▸ **Description of the task**: Wherever a picture appears in the listing below, leave it out and reproduce the rest exactly.

▸ **Dataset extract**:

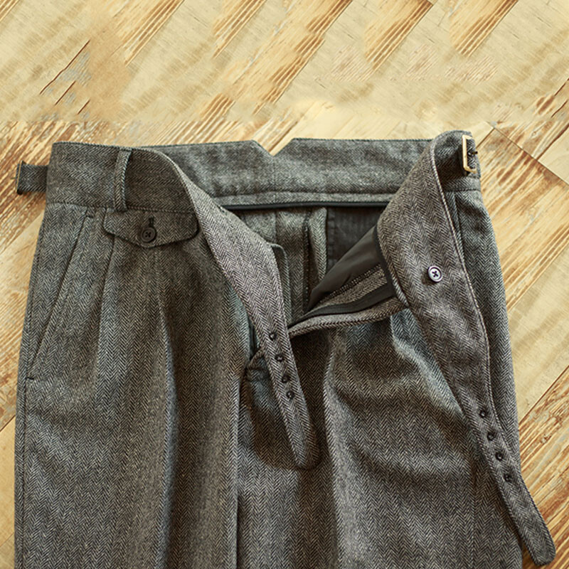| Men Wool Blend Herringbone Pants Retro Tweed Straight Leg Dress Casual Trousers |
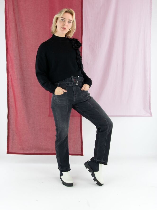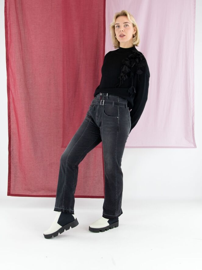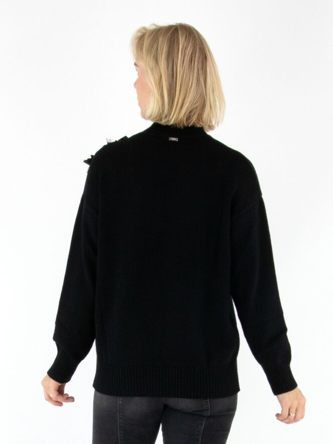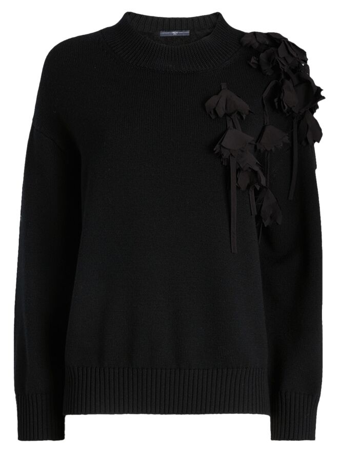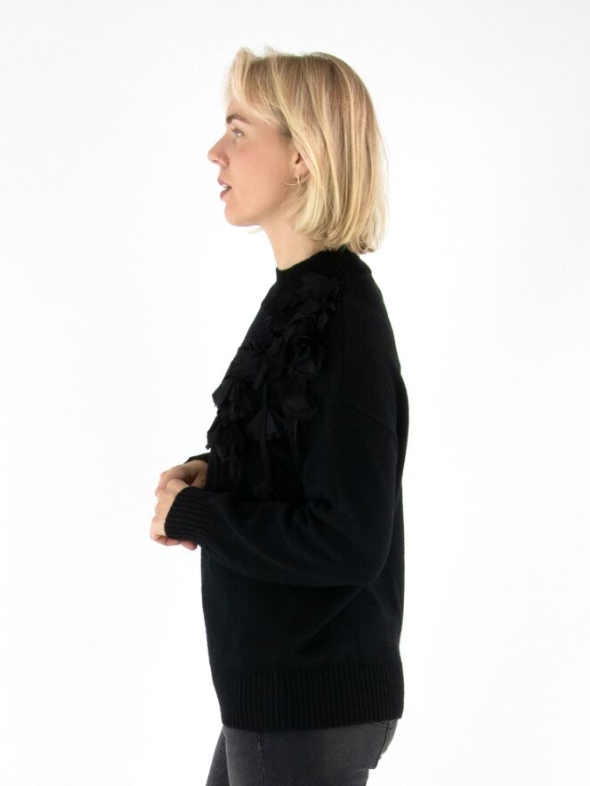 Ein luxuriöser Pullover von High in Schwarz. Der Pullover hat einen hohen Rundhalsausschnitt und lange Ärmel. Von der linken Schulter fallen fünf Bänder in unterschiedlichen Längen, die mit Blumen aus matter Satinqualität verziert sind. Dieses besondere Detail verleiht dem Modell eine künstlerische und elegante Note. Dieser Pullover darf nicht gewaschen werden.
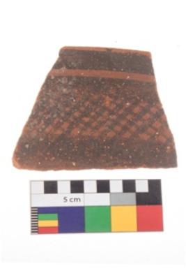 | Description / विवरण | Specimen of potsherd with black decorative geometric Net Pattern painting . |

▸ **Task solution**:
| Men Wool Blend Herringbone Pants Retro Tweed Straight Leg Dress Casual Trousers |
 Ein luxuriöser Pullover von High in Schwarz. Der Pullover hat einen hohen Rundhalsausschnitt und lange Ärmel. Von der linken Schulter fallen fünf Bänder in unterschiedlichen Längen, die mit Blumen aus matter Satinqualität verziert sind. Dieses besondere Detail verleiht dem Modell eine künstlerische und elegante Note. Dieser Pullover darf nicht gewaschen werden.
 | Description / विवरण | Specimen of potsherd with black decorative geometric Net Pattern painting . |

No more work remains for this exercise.